Assigned task – A verbatim copy of the listing is what is needed, minus any pictures.

Given data –
_ _ _

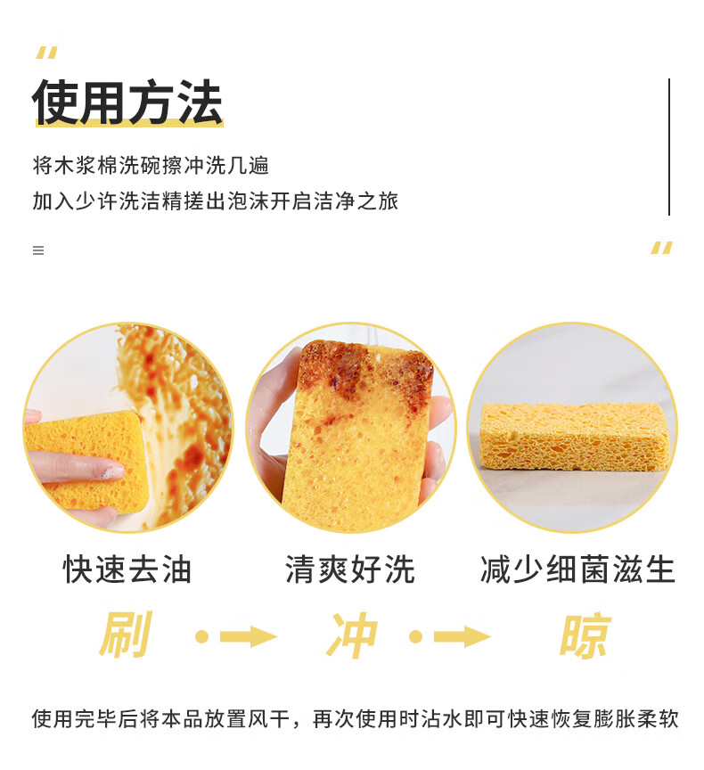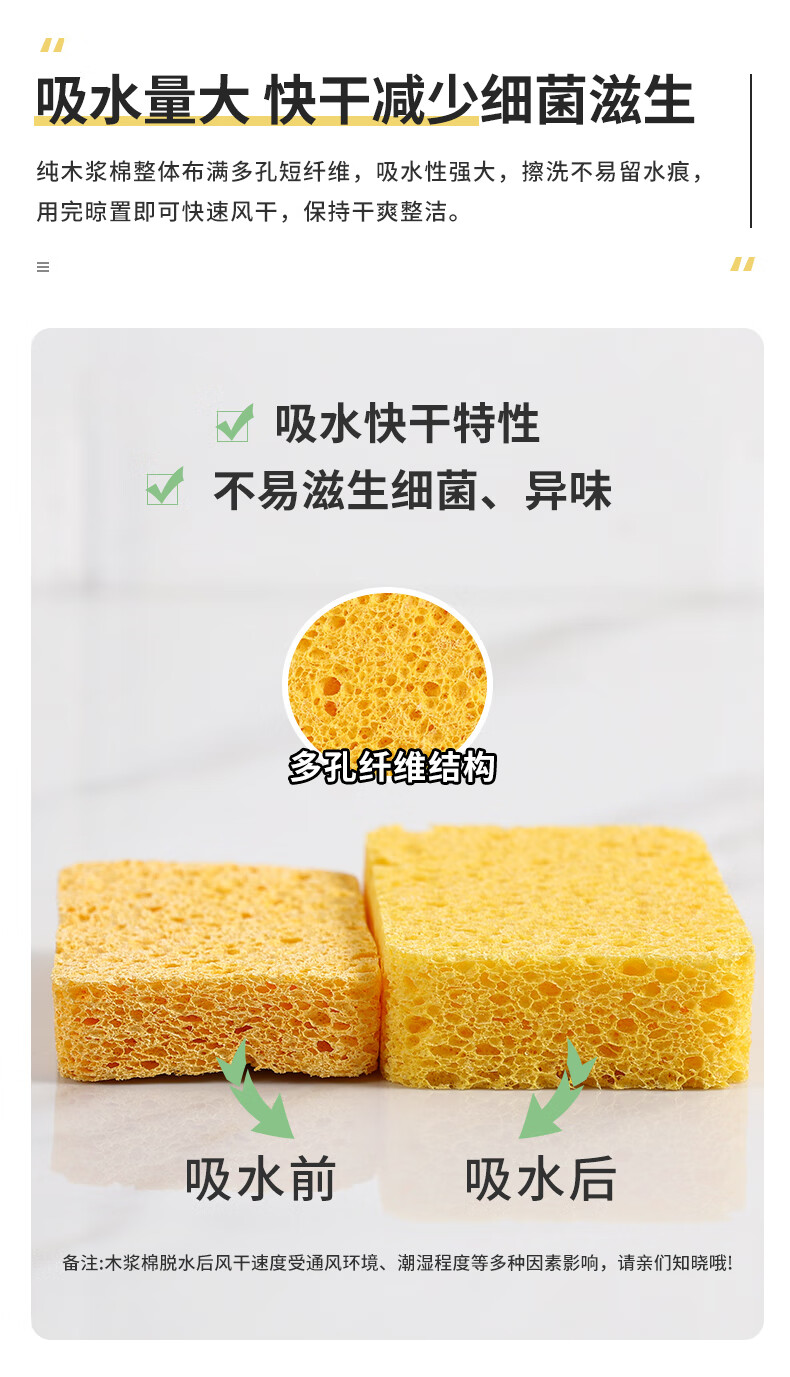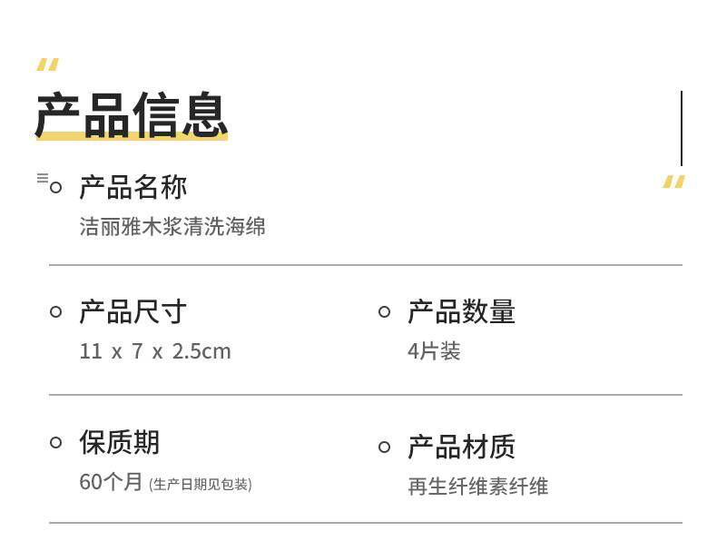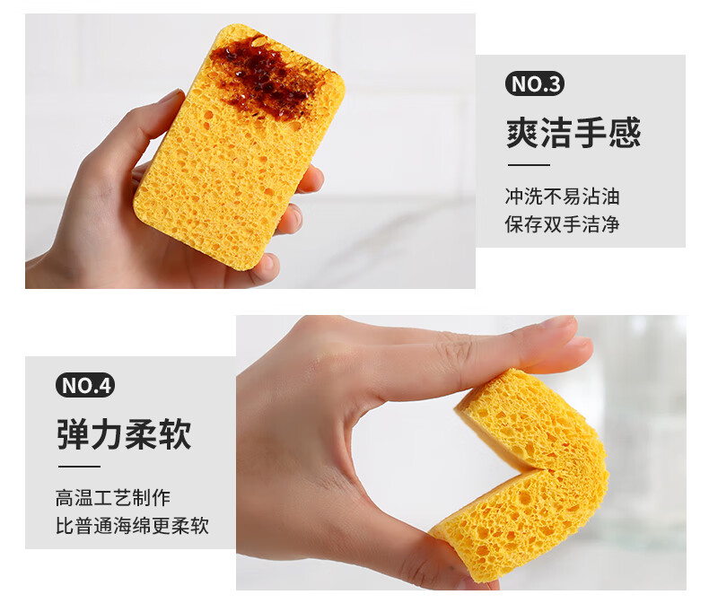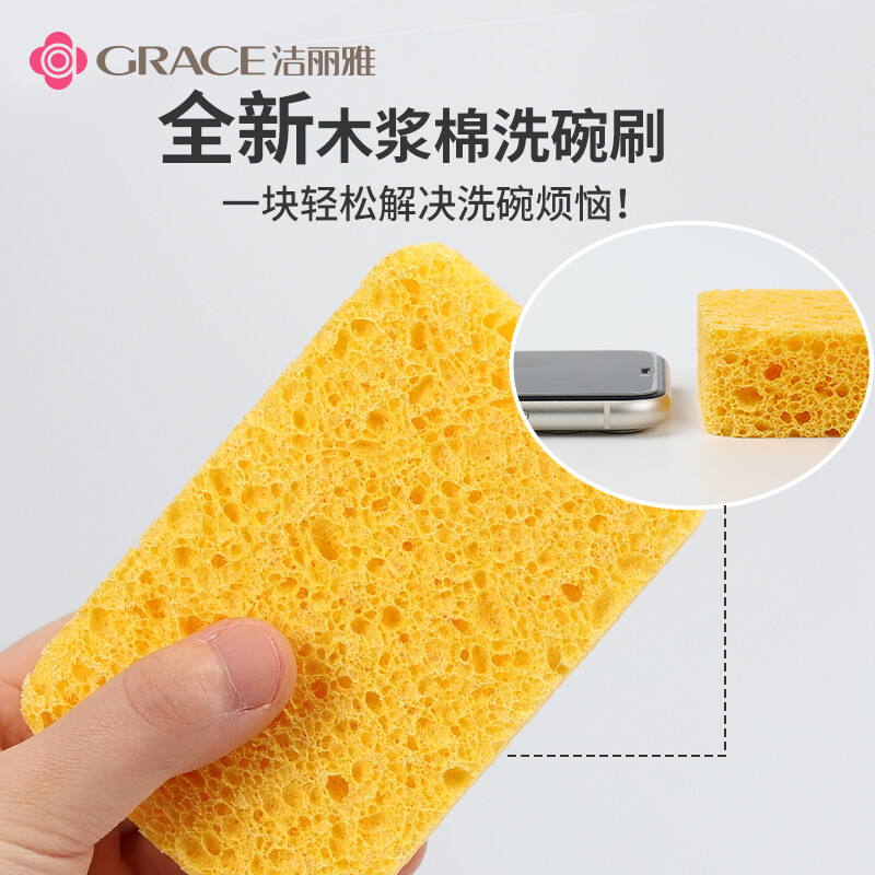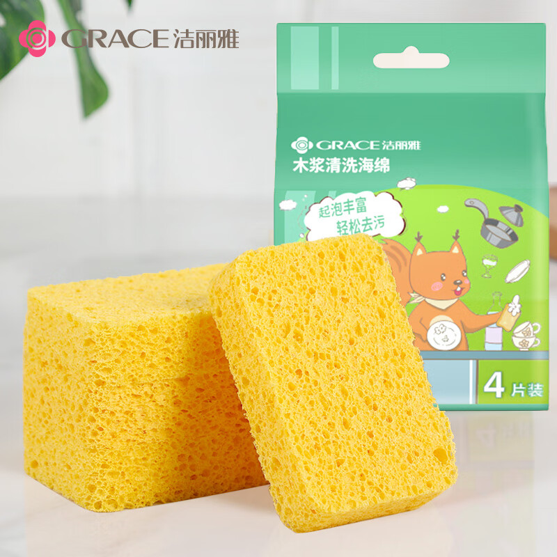 洁丽雅(Grace) 天然木浆棉洗碗棉4片装 厨房抹布百洁布洗碗海绵擦去油污 自营
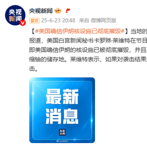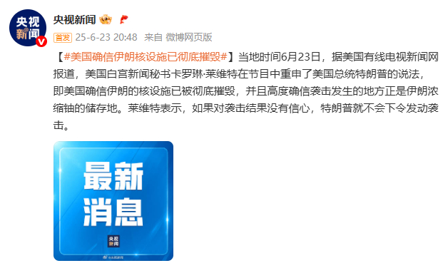 当地时间6月23日,据美国有线电视新闻网报道,美国白宫新闻秘书卡罗琳·莱维特在节目中重申了美国总统特朗普的说法,即美国确信伊朗的核设施已被彻底摧毁,并且高度确信袭击发生的地方正是伊朗浓缩铀的储存地。莱维特表示,如果对袭击结果没有信心,特朗普就不会下令发动袭击。
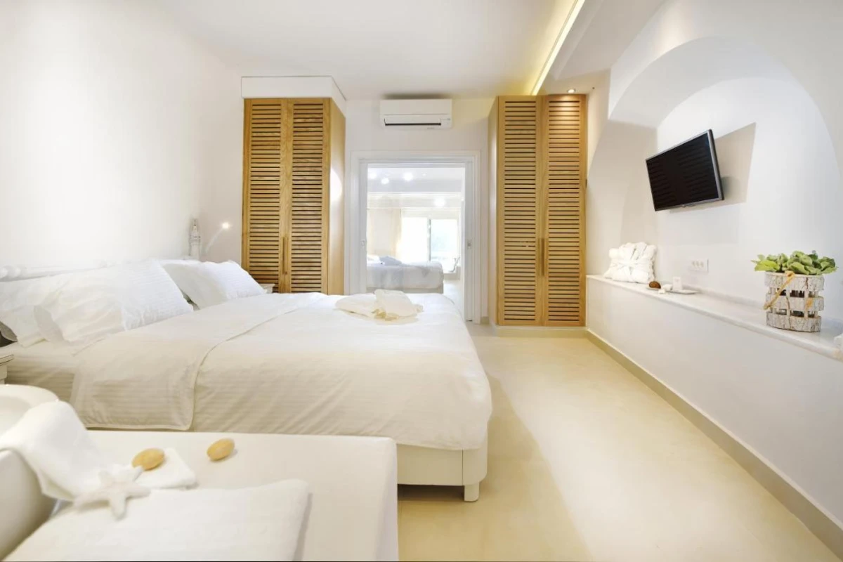 The air-conditioned guestrooms, adorned with whitewashed walls and vibrant stone floor tiles, feature satellite TVs, CD and DVD players, minibars, and private bathrooms with premium toiletries, bathrobes, slippers, and hairdryers. Each opens to a private balcony with captivating sea vistas, creating a serene and comfortable sanctuary for families and those seeking a private escape.

_ _ _

Answer box –
 洁丽雅(Grace) 天然木浆棉洗碗棉4片装 厨房抹布百洁布洗碗海绵擦去油污 自营
 当地时间6月23日,据美国有线电视新闻网报道,美国白宫新闻秘书卡罗琳·莱维特在节目中重申了美国总统特朗普的说法,即美国确信伊朗的核设施已被彻底摧毁,并且高度确信袭击发生的地方正是伊朗浓缩铀的储存地。莱维特表示,如果对袭击结果没有信心,特朗普就不会下令发动袭击。
 The air-conditioned guestrooms, adorned with whitewashed walls and vibrant stone floor tiles, feature satellite TVs, CD and DVD players, minibars, and private bathrooms with premium toiletries, bathrobes, slippers, and hairdryers. Each opens to a private balcony with captivating sea vistas, creating a serene and comfortable sanctuary for families and those seeking a private escape.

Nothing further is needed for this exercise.